Indeed, high-profile Canadians are out in force for the event. Supreme Court Chief Justice Beverley McLachlin shares the headline bill for the opening assembly on Aug. 6 with U.S. Supreme Court Justice Stephen Breyer and will also pick up a special award the following day to celebrate trailblazing women in the legal profession.

McLachlin’s Supreme Court bench colleagues Rosalie Abella and Marshall Rothstein are also featured speakers. Abella will give the keynote address at the Thurgood Marshall award dinner on Aug. 6 to honour civil rights lawyer Elaine Jones, while Rothstein is giving talks to the ABA’s administrative law and intellectual property sections on Aug. 5 and 6.

Retiring Supreme Court Justice Ian Binnie will participate in a session comparing the U.S. and Canadian top courts. Former Canadian Bar Association president and ABA litigation section co-chairman for the annual meeting Bernard Amyot also recruited former prime minister Jean Chrétien for a question-and-answer session during a luncheon on Aug. 5.

“He often says that the only thing he misses about politics is question period, so it’s going to be a lot of fun,” says Amyot, a partner at the Montreal office of Heenan Blaikie LLP. “He’s always a good speaker.”

That event will honour yet another Canadian, former Supreme Court justice Louise Arbour. The Brussels-based president and CEO of the International Crisis Group has also served as the UN high commissioner for human rights and was chief prosecutor for the international criminal tribunals for Rwanda and the former Yugoslavia in the 1990s.

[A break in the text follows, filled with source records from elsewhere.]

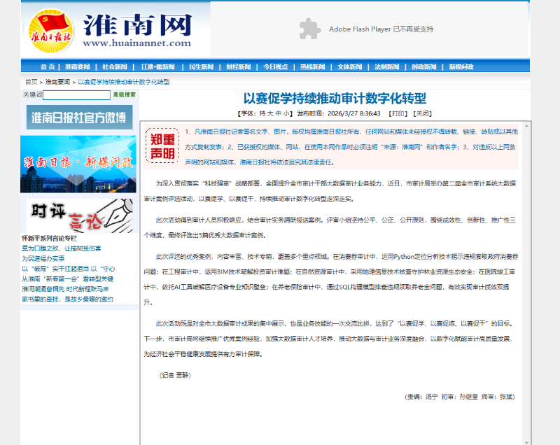 淮南日报3月27日刊发:以赛促学持续推动审计数字化转型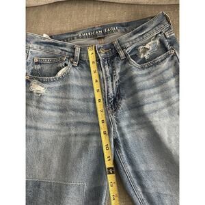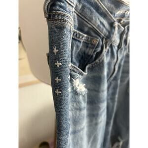 American Eagle 90’ Straight Boho Grunge Patches Distressed Jeans Size 6. Condition is Pre-owned - Excellent. Shipped with USPS Ground Advantage.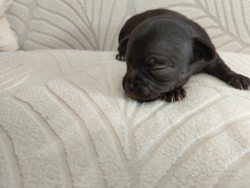 Piccolo chihuahua maschietto a pelo corto nato a metà marzo da genitori visibili cerca casa. Il cucciolo sarà affidato dopo sverminazione e primo vaccino.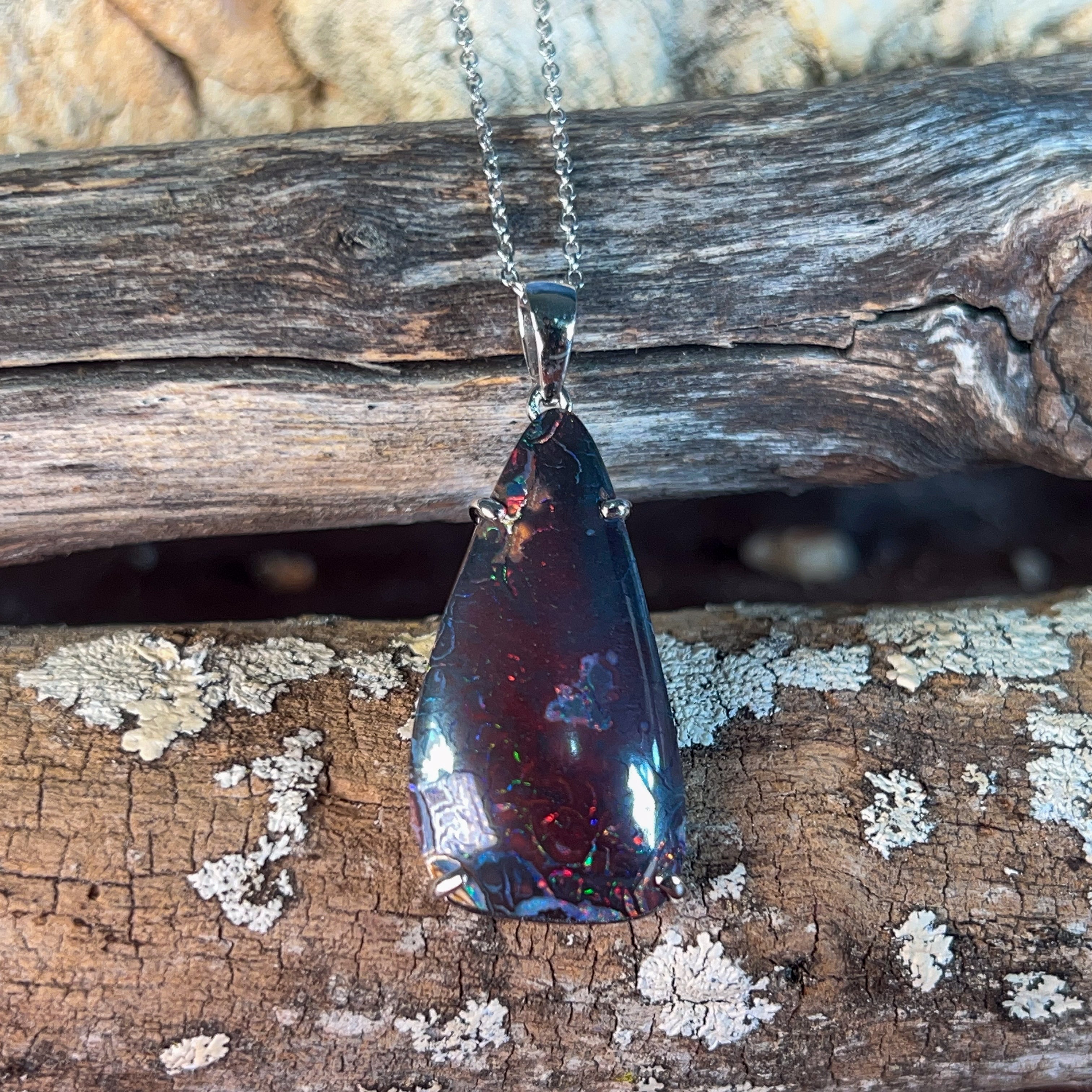 One of the best black opal necklaces to buy is Masterpiece Jewellery’s Sterling Silver Black Opal Pendant. It is unique and genuine. Compared to other black opal necklaces, this one is available at a reasonable price.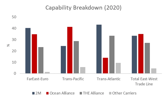 在回答这个问题之前,首先需要了解的事实是,三大航运联盟虽然市场地位超群,但贸易范围主要为覆盖亚洲、欧洲和北美的东西方向航线。据了解,三大航运联盟在亚欧航线、跨太平洋航线、跨大西洋航线三条全球集装箱主干航线上合计运力占到市场份额的近九成,亚欧航线上的运力占比更是达到100%。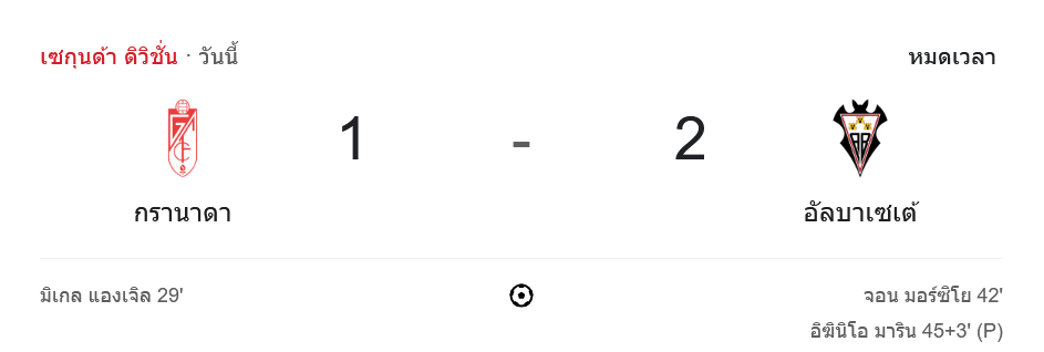 ผลบอลเซกุนด้า ดิวิชั่น 2024 ระหว่าง ทีมกรานาดา ซีเอฟ vs ทีมอัลบาเซเต้ วันนี้ 16/8/67 ดูบอลย้อนหลัง คลิปไฮไลท์ ดูบอลเซกุนด้า ดิวิชั่น 2024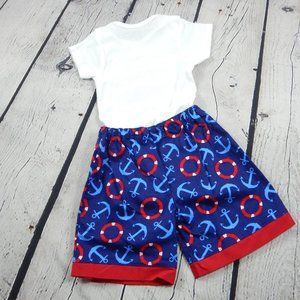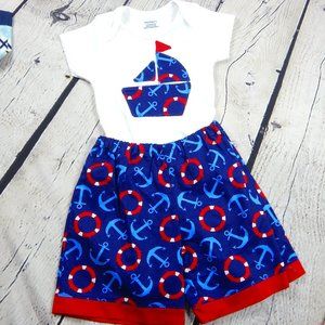 Nice Onesie Short sleeve (Gerber) with Hand made Shorts and Design (boat) sew it to the onesie From a home and pet free home Feel free to contact me for further questions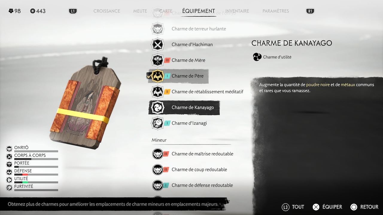 Un second talisman, le charme de Kanayago, agit de façon similaire sur les métaux et la poudre noire. Son emplacement est au sommet du Sanctuaire du Repos Automnal, à l’est du Lac Kuttara dans les Prairies de Yotei. Il est accessible en début de partie, ce qui vous remplira les poches tout au long du jeu.

“It’s not just American lawyers meeting in a foreign country,” says Amyot, who urges local lawyers to attend. “It’s tailored for the local bar as well. There’s a lot of value you can get from that. You save the price of the airfare and the hotel. It’s just the price of registry. We’re becoming a global profession, and our largest trade partners are just south of the border, so for Canadian lawyers it’s a great opportunity to mingle.”

Amyot says a number of ABA sections have taken the opportunity to put together continuing legal education programs with a strong comparative element to them. In addition to the Supreme Court session, he highlights the one on trial practices and tactics in Canada and the United States on Aug. 4 that will revolve around a hypothetical wrongful termination case and give lawyers the opportunity to talk about how it could proceed in their respective jurisdictions. On Aug. 5, a session on the Omar Khadr case will present perspectives from both the defence and prosecution sides on the high-profile trial.

John Campion, who came into contact with Zack during his tenure as president of the Federation of Law Societies of Canada, was happy to give the ABA president some local knowledge when he came scouting for venues and event partners. “I gave him suggestions on what I thought would be appropriate,” he says. “You want to show off Toronto well.”

According to Campion, large Toronto firms have embraced the event with a number of them hosting reception events during the week it’s in town. “In some of the main areas — litigation, financings, corporate transactions, and business advice, all the major law firms recognize immediately that they have a vested interest in knowing about and understanding the American market as best they can,” he says.

But he notes lawyers at smaller firms or younger practitioners looking to establish a reputation for themselves have plenty to gain from an event like the ABA meeting. “As a young lawyer going to the CBA or the ABA, you’re nobody. Nobody knows who you are, and you don’t have any contacts. There’s a lot of lonely beginnings, but you slowly find your place and find a way to contribute. It is imposing, there’s no doubt about it, but you’ve got to start someplace. And how much better to start in your own town.”